Last year, Toplyn and Witscript competed in a laugh off. The two spent three days writing jokes based on eight evergreen news topics. Toplyn picked his best jokes — and selected Witscript’s best material as well — then comedian Mike Perkins delivered the lines to live audiences in North Hollywood. Half the jokes in each set were written by Toplyn, the other half by Witscript.
Together with Ori Amir, a stand-up comic and neuroscientist at Pomona College in California, Toplyn recorded the performances and measured the length and loudness of the laughter each joke elicited. Toplyn and Amir found that, by those measures, the AI and human-written jokes were equally funny, a result they presented in January at the 1st Workshop on Computational Humor.
Until recently, jokes were thought to be beyond the reach of AI. They were considered so complex, that it was thought an AI model would need to have “all the thinking ability of a typical human” to recognize or produce them, Toplyn said. That’s no longer true.
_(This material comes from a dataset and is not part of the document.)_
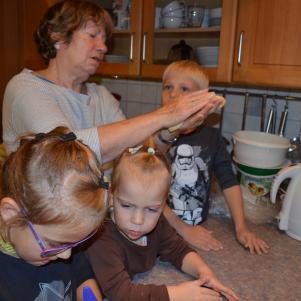 Drei Kids mit Oma beim backen
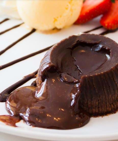 Pour your mixture into a muffin tray lined with paper cups. Place the tray into the centre of your BBQ. Bake for 9 minutes and be sure to serve runny. If it looks undercooked, it’s probably ready. The side should hold up, but the middle is as the name suggests – lava.

With advances in LLMs, and tools like Witscript that build on those LLMs, laughter is no longer seen as a final frontier. Although humor includes a spectrum of expression far beyond words alone — a strategic silence or well-timed eyebrow raise can elicit laughs just as well as words — “it turns out that generating at least some kinds of humor is easier for AI than driving a car safely,” Amir said.
Jokes were considered so complex, that it was thought an AI model would need to have “all the thinking ability of a typical human” to recognize or produce them.
But experts caution that there’s a vast gulf between making people laugh and truly mastering the nuances of human humor. Humor can be subtle, said Christian F. Hempelmann, a computational linguistics researcher at East Texas A&M University. It calls for understanding social norms — and knowing when to flout them. And it serves powerful social functions: Funny takes can be wielded to move past embarrassing moments, deliver a covert insult, or take the next step in a relationship. And at a moment when AI chatbots are increasingly being deployed as therapists, assistants, and companions, many experts think it will be essential for the models to understand and respond appropriately to subtler forms of humor, such as sarcasm, irreverence, and flippancy. If a person were to respond to a reminder about a colonoscopy appointment by writing, “Ugh, kill me now,” an AI assistant must know not to take those words literally.
There is a fundamental divide between crafting a clever punchline and deploying humor as humans do, according to Tristan Miller, a specialist in computational linguistics at the University of Manitoba — in part because current machines don’t embody the full breadth of ways and reasons that people use humor. Still, achieving humor is important for LLMs if they are to use language in all the ways that humans do, Miller said, because humor in all its forms is “one of the most human things about language and communication.”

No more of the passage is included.